8) Rollout plan (low-risk)
- Baseline current engine with fixed workload mix.
- Enable continuous batching + policy tuning.
- Enable paged KV + verify memory behavior under long contexts.
- Turn on prefix reuse for high-repeat routes.
- A/B speculative decoding on selected models/traffic only.
- Compare by SLO + cost, not throughput alone.
Promotion gate example:
- p95 TTFT non-regression (or improved),
- p95 ITL non-regression,
= X% throughput gain at equal quality,
- no increase in OOM/eviction incident rate.

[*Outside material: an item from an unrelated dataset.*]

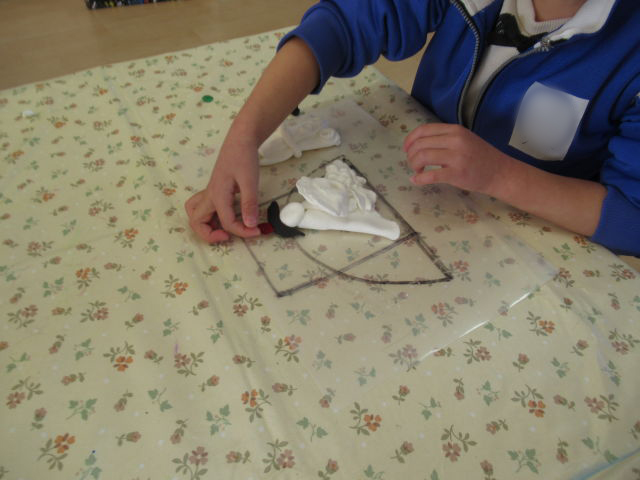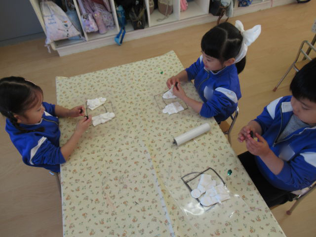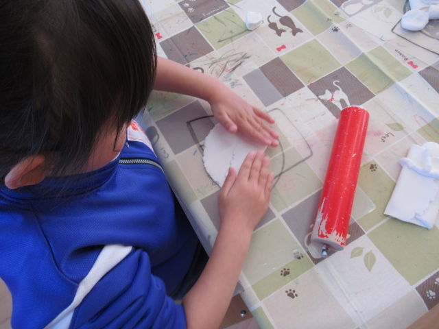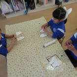 いよいよおひなさま作りの日がやってきました。体操着に着替えて準備万端です!はじめは「難しそうだな~」と言っていた子どもたちでしたが、いざ粘土に触れてみると、「ピザを作ってるみたい!」と楽しみながら粘土を伸ばしていました♪お内裏様の着物は長方形に、おひなさまの着物は丸い形に伸ばすことを教えてもらいました!着物の形ができたら丸い顔の部分や扇子や笏などの小物作りも行いました。

Quick anti-pattern checklist
- Chasing synthetic benchmark TPS with unrealistic prompt length distribution
- No separation between interactive and batch traffic
- Ignoring KV memory accounting until OOMs appear
- Turning on speculative decoding without acceptance telemetry
- Reporting only average latency
- No overload behavior (system fails "all at once")
References
- vLLM / PagedAttention paper (SOSP 2023)
https://arxiv.org/abs/2309.06180 - FlashAttention-2 paper
https://arxiv.org/abs/2307.08691 - Speculative Decoding (ICML 2023)
https://proceedings.mlr.press/v202/leviathan23a.html - SGLang paper (RadixAttention, structured LM programs)
https://arxiv.org/abs/2312.07104 - Hugging Face: Continuous batching from first principles
https://huggingface.co/blog/continuous_batching - Hugging Face TGI docs (features + maintenance-mode note)
https://huggingface.co/docs/text-generation-inference/en/index - TGI PagedAttention conceptual doc
https://huggingface.co/docs/text-generation-inference/en/conceptual/paged_attention - TensorRT-LLM overview (in-flight batching, paged attention, speculative decoding features)
https://nvidia.github.io/TensorRT-LLM/overview.html
One-line takeaway
In production LLM serving, real wins come from co-designing scheduler + KV memory + decoding algorithm, then judging success by tail latency and cost stability—not headline tokens/sec.